INFORMATION SHOWN:
◇ ◇ ◇ ◇
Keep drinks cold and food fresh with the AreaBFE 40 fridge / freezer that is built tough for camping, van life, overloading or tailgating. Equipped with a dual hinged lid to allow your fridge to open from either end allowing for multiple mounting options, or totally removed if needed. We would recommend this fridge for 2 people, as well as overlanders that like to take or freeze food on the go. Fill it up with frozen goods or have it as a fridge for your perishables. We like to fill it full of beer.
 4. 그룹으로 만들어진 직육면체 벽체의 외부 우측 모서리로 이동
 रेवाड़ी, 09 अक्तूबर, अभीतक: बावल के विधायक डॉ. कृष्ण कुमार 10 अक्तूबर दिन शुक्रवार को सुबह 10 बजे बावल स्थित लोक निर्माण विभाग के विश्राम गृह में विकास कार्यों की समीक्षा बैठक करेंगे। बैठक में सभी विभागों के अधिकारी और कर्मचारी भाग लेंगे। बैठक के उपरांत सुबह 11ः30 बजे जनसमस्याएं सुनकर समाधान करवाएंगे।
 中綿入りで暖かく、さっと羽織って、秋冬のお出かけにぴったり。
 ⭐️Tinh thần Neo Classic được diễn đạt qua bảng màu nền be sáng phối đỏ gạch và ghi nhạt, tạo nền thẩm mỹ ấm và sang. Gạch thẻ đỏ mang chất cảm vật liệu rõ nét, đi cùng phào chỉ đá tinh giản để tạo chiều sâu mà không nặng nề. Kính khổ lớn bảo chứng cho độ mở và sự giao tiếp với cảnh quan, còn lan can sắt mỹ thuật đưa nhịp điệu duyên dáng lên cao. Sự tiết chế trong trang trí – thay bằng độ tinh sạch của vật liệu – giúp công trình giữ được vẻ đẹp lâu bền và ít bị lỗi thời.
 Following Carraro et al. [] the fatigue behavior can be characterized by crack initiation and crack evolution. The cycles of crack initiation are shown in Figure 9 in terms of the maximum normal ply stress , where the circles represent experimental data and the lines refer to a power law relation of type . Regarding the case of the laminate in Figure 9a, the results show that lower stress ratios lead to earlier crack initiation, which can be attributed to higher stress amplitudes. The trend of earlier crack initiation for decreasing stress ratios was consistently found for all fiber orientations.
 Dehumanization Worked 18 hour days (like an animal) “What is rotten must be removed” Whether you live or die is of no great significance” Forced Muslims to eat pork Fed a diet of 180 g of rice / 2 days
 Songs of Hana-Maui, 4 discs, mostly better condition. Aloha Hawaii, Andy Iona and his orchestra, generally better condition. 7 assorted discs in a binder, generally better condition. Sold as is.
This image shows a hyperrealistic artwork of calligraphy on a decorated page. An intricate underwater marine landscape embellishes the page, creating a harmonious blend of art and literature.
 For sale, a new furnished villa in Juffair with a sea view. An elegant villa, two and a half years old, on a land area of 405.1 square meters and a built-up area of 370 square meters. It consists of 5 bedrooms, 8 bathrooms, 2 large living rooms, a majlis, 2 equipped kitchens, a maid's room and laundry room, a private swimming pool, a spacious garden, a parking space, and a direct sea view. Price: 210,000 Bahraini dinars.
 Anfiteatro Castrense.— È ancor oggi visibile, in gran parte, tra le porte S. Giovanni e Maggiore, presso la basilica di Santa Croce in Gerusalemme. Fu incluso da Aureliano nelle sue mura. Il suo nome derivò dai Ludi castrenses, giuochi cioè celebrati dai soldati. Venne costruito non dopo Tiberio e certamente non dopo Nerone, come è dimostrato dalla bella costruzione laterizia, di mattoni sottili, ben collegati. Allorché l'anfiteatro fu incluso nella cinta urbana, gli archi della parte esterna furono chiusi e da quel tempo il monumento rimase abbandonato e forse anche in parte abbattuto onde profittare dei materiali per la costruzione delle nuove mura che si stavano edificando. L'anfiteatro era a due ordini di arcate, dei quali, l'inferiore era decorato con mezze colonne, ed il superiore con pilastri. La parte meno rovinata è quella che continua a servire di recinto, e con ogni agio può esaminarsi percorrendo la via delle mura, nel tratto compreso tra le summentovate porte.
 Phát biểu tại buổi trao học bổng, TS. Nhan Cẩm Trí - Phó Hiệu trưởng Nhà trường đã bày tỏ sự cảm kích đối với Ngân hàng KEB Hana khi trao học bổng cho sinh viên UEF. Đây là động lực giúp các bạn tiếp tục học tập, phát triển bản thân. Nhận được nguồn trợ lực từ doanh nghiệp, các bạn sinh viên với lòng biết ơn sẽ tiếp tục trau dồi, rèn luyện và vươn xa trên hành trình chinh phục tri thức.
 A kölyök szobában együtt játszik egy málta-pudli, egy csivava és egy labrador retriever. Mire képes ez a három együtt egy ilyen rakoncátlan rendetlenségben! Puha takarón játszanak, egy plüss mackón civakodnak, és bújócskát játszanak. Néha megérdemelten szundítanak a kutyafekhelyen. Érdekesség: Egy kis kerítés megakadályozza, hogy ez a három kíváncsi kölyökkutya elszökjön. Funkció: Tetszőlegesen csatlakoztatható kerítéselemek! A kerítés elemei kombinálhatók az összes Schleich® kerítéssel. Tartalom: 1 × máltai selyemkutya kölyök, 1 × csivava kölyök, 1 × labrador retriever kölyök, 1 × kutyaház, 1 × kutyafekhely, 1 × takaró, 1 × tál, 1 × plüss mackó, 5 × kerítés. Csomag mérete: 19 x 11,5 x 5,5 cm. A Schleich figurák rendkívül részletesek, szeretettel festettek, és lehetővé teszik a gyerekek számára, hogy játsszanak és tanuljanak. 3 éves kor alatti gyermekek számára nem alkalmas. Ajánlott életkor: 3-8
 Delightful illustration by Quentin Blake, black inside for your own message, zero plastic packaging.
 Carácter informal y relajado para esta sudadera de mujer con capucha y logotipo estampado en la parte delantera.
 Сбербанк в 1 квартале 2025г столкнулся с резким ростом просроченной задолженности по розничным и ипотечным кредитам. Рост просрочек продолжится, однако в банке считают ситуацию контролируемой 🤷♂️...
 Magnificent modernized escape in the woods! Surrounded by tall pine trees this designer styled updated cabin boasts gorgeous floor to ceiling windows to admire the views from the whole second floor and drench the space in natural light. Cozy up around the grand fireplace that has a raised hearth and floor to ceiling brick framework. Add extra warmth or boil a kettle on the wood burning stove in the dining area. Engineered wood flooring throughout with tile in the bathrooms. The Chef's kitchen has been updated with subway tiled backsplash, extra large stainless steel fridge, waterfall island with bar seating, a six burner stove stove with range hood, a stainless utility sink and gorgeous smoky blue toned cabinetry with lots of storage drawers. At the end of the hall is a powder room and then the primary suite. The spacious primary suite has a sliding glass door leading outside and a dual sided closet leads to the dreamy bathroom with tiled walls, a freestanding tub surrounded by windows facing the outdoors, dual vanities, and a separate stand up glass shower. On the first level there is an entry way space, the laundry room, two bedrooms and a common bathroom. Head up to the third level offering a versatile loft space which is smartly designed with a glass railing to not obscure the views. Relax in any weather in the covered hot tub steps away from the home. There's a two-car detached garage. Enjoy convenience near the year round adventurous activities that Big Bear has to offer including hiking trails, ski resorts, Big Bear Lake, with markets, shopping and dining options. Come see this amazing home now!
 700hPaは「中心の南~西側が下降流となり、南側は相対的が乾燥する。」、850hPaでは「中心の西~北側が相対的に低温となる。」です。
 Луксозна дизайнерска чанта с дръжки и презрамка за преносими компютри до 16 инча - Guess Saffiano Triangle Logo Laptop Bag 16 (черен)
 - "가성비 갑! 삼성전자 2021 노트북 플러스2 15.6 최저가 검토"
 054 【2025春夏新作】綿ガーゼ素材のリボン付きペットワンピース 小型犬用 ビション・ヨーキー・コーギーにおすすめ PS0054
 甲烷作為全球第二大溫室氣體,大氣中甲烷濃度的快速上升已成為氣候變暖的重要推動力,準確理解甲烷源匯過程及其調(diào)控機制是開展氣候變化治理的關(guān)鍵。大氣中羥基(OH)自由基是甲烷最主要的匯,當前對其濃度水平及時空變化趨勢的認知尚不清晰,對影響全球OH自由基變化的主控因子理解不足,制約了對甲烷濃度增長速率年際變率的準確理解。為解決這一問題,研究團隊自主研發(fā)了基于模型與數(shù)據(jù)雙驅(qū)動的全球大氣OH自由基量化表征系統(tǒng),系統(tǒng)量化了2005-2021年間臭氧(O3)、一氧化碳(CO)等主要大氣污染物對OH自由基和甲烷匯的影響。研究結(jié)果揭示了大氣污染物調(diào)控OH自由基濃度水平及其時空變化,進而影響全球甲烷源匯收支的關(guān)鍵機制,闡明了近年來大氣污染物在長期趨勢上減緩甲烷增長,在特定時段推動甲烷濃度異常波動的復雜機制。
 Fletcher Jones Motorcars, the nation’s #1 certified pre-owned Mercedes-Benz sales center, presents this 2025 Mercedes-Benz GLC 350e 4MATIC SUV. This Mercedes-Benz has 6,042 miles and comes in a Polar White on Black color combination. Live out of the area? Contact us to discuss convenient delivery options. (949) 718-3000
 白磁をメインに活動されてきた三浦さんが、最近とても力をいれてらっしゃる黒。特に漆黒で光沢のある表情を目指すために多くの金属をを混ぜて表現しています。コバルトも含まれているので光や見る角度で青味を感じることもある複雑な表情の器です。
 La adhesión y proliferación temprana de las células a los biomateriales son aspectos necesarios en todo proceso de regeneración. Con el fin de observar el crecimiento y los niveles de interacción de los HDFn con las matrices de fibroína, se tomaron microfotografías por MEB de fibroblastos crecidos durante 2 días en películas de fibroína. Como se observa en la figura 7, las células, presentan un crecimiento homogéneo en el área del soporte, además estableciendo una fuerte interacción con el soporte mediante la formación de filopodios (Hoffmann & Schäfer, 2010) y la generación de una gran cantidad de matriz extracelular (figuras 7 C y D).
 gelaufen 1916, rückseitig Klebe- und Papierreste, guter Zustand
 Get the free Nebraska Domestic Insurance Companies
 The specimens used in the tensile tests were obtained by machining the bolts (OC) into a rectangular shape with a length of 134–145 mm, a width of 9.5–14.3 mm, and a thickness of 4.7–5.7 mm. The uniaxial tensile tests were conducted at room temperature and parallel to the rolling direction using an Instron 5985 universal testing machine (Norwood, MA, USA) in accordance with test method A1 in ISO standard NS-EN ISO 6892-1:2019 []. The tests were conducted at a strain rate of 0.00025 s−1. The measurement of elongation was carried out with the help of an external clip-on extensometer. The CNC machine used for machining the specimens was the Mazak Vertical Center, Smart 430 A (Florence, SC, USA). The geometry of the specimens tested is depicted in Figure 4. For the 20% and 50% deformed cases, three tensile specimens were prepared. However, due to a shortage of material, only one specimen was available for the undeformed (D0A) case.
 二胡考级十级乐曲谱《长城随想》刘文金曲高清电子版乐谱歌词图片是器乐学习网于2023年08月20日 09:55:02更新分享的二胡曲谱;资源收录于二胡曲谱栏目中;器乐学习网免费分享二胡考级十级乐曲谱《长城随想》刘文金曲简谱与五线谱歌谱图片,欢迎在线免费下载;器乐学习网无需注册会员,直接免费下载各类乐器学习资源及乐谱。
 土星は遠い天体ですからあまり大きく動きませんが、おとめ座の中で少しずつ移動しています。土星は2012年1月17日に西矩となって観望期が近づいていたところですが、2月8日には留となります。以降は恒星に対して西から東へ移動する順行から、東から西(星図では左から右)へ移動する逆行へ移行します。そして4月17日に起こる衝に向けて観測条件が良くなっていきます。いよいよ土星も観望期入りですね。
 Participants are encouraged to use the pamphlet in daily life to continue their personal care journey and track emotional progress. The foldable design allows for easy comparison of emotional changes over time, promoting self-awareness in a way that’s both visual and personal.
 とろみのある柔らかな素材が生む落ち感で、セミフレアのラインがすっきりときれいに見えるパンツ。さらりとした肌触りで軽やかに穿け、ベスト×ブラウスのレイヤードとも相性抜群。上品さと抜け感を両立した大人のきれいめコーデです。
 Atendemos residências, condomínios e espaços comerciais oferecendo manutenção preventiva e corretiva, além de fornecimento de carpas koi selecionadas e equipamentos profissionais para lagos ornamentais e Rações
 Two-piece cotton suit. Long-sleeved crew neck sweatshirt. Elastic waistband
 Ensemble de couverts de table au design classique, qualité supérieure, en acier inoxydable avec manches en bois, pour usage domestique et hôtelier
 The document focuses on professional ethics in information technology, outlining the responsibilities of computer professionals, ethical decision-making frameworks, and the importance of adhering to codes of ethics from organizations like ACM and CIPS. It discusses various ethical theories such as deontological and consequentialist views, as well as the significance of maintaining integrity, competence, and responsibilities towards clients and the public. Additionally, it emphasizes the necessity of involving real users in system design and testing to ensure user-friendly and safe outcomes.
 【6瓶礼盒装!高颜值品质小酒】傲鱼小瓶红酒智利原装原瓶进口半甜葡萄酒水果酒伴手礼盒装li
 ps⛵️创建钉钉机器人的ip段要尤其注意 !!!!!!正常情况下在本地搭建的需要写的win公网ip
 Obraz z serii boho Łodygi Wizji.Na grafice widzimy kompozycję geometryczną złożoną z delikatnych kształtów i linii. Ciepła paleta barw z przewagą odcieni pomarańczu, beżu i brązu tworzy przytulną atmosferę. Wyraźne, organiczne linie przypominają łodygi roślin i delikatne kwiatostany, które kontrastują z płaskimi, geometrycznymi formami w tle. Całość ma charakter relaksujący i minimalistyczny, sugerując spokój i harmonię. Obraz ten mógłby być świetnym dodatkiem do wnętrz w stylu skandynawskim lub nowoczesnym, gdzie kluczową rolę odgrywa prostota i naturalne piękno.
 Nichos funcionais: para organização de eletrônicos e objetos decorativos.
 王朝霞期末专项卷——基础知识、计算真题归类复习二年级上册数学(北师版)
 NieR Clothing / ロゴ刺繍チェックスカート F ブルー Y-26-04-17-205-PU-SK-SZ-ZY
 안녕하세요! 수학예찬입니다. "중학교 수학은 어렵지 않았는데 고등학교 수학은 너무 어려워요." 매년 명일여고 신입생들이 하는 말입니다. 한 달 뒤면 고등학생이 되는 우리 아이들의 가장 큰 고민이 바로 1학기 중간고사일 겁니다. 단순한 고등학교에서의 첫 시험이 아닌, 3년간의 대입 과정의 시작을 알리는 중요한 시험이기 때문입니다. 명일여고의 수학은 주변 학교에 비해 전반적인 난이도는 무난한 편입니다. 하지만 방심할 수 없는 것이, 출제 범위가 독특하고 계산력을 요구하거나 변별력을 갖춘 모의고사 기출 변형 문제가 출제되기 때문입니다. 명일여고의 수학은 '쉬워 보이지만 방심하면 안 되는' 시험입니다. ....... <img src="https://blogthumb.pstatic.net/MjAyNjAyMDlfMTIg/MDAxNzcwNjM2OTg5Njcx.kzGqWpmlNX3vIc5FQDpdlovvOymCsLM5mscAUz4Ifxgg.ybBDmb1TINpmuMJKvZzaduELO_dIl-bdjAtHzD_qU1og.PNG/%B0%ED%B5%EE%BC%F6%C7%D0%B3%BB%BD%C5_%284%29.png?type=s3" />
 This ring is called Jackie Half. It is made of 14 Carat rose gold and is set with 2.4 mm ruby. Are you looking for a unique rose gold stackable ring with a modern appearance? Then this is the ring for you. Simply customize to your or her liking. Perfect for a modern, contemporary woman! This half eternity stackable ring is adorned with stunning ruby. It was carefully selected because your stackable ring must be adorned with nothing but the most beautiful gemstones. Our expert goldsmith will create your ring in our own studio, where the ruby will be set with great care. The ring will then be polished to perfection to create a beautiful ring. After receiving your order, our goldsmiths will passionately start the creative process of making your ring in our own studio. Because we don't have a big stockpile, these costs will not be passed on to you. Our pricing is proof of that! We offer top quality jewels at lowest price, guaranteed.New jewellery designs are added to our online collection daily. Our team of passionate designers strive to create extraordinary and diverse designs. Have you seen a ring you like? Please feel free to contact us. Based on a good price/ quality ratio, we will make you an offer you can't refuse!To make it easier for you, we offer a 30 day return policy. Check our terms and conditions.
◇ ◇ ◇ ◇
Using the data above, repeat exactly the lines that begin at the line with "ps⛵️创建钉钉机器人的ip" and end at the line with "수학은 어렵지 않았는데", both ends included.

FINISHED EXERCISE:
 ps⛵️创建钉钉机器人的ip段要尤其注意 !!!!!!正常情况下在本地搭建的需要写的win公网ip
 Obraz z serii boho Łodygi Wizji.Na grafice widzimy kompozycję geometryczną złożoną z delikatnych kształtów i linii. Ciepła paleta barw z przewagą odcieni pomarańczu, beżu i brązu tworzy przytulną atmosferę. Wyraźne, organiczne linie przypominają łodygi roślin i delikatne kwiatostany, które kontrastują z płaskimi, geometrycznymi formami w tle. Całość ma charakter relaksujący i minimalistyczny, sugerując spokój i harmonię. Obraz ten mógłby być świetnym dodatkiem do wnętrz w stylu skandynawskim lub nowoczesnym, gdzie kluczową rolę odgrywa prostota i naturalne piękno.
 Nichos funcionais: para organização de eletrônicos e objetos decorativos.
 王朝霞期末专项卷——基础知识、计算真题归类复习二年级上册数学(北师版)
 NieR Clothing / ロゴ刺繍チェックスカート F ブルー Y-26-04-17-205-PU-SK-SZ-ZY
 안녕하세요! 수학예찬입니다. "중학교 수학은 어렵지 않았는데 고등학교 수학은 너무 어려워요." 매년 명일여고 신입생들이 하는 말입니다. 한 달 뒤면 고등학생이 되는 우리 아이들의 가장 큰 고민이 바로 1학기 중간고사일 겁니다. 단순한 고등학교에서의 첫 시험이 아닌, 3년간의 대입 과정의 시작을 알리는 중요한 시험이기 때문입니다. 명일여고의 수학은 주변 학교에 비해 전반적인 난이도는 무난한 편입니다. 하지만 방심할 수 없는 것이, 출제 범위가 독특하고 계산력을 요구하거나 변별력을 갖춘 모의고사 기출 변형 문제가 출제되기 때문입니다. 명일여고의 수학은 '쉬워 보이지만 방심하면 안 되는' 시험입니다. ....... <img src="https://blogthumb.pstatic.net/MjAyNjAyMDlfMTIg/MDAxNzcwNjM2OTg5Njcx.kzGqWpmlNX3vIc5FQDpdlovvOymCsLM5mscAUz4Ifxgg.ybBDmb1TINpmuMJKvZzaduELO_dIl-bdjAtHzD_qU1og.PNG/%B0%ED%B5%EE%BC%F6%C7%D0%B3%BB%BD%C5_%284%29.png?type=s3" />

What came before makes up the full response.